Time and Patience

by Vafabean



Category: Harry Potter - J. K. Rowling
Genre: F/M, Slow Burn, Time Turner
Language: English
Status: In-Progress
Published: 2019-06-01
Updated: 2019-06-06
Packaged: 2020-04-06 02:52:11
Rating: Explicit
Warnings: No Archive Warnings Apply
Chapters: 5
Words: 3,358
Publisher: archiveofourown.org
Story URL: https://archiveofourown.org/works/19053754
Author URL: https://archiveofourown.org/users/Vafabean/pseuds/Vafabean
Summary: Hermione Granger had a Ravenclaw thirst for knowledge, a Hufflepuff's sense of loyalty, the cunning of a Slytherin and the bravery of a Gryffindor. She could see where and how she was needed, and what she must become. All she needed was time and patience, or so she thought.





	1. A Twist of Time

Time and Patience

Chapter 1. 

With a twist it was fixed, with a twist, a life was saved. Mostly, however, that twist powered her through an extra class or book. There was so much to do. There was so much to learn. 

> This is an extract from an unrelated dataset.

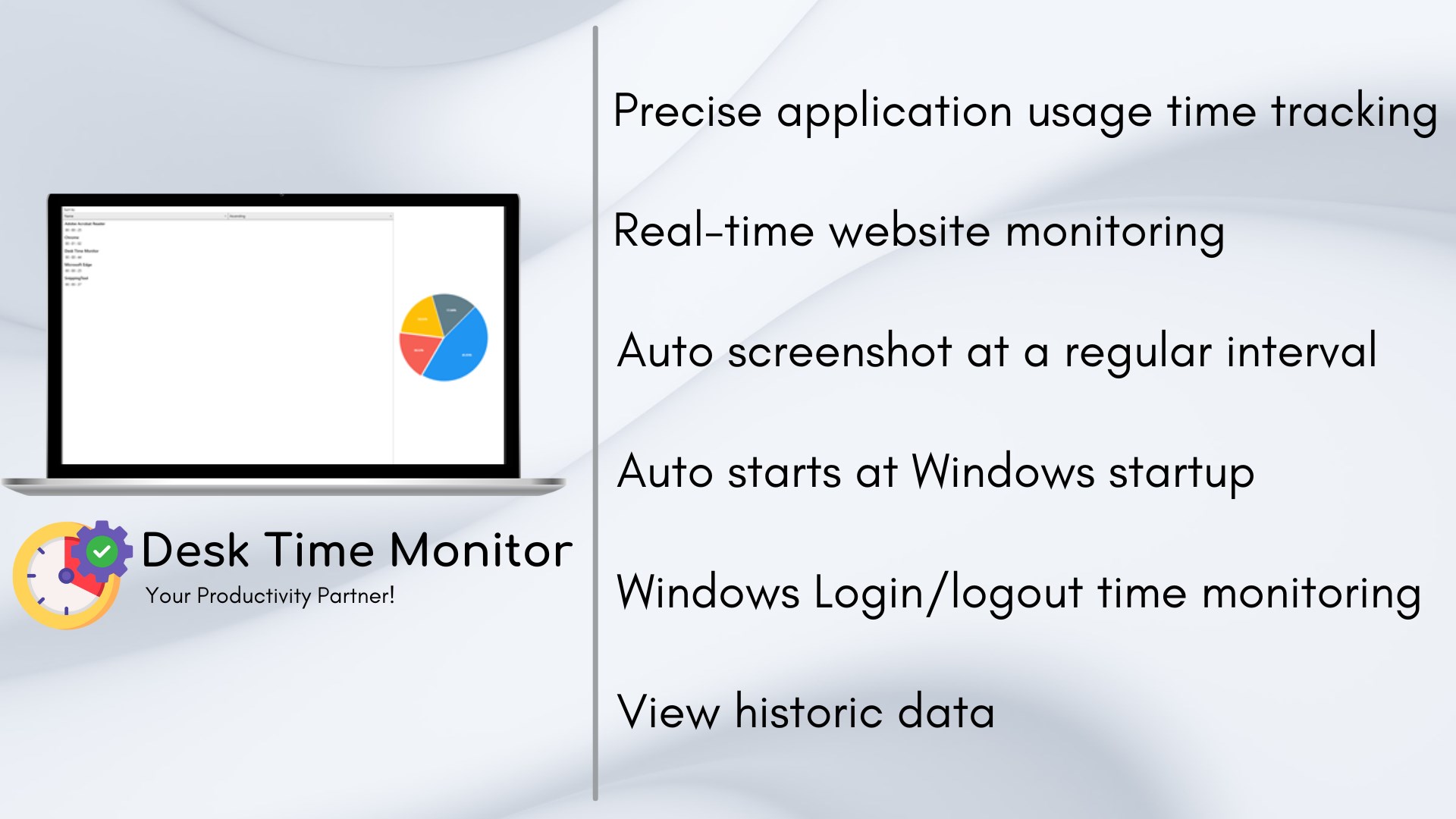 Precise Time Tracking: Accurately monitor every second of your workday to optimize time management.Website Usage Analysis: Identify and manage distractions with real-time website tracking.Configurable Screenshots: Customize screenshot intervals to capture work progress effectively.Login & Logout Monitoring: Track login times to understand work patterns and productivity.Auto start: Automatically start Desk Time Monitor with Windows for effortless tracking.

Professor Dumbledore had seen her hunger for knowledge and the truth in her desire to better herself. He had gotten permission from the Department of Mysteries himself for her time turner. Professor McGonagall appeared to have had some reservations in her presentation of it, but Hermione swore she would use it dutifully. And so she had. 

By the end of her third year, she had completed eleven classes and she should have added 160 hours to her life. That was less than a week. Truthfully, it should have been barely noticeable. Nights had crept up on her though. Ambitions of better cited and more thoroughly researched work drove sleep from her mind. Evenings brewing in abandoned classrooms doubled over late nights in the library studying. A twist always seemed to allow her the ability to catch up. 

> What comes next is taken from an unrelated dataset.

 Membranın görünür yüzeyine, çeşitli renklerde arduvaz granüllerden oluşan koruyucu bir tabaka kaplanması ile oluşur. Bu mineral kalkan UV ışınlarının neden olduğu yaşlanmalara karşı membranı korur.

This quickly became most nights, however. An early morning twist brought the night back, and with it an empty castle. Abandoned classrooms and secluded corners of the library afforded practice spaces that not even Peeves would think to disturb. With this twist, Hermione could spend the night with Hogwarts, trailing her fingers along the walls as she sought that seclusion. They awoke together, filtering the morning sun through lead glass windows and equally leaden thoughts. 

Hermione was as diligent in her documentation as she was in her citations. Every twist was marked in a small brown book. The date, time, starting point, what she had been doing, and what she would be doing were faithfully recorded to avoid “crossing streams.” That joke always made her chuckle to herself. Her father would have laughed as well if she could have told her parents about her little habit. That was simply out of the question. Book and attached retractable pencil were shrunk and placed on a shorter chain. Secrets are best worn close to the heart. 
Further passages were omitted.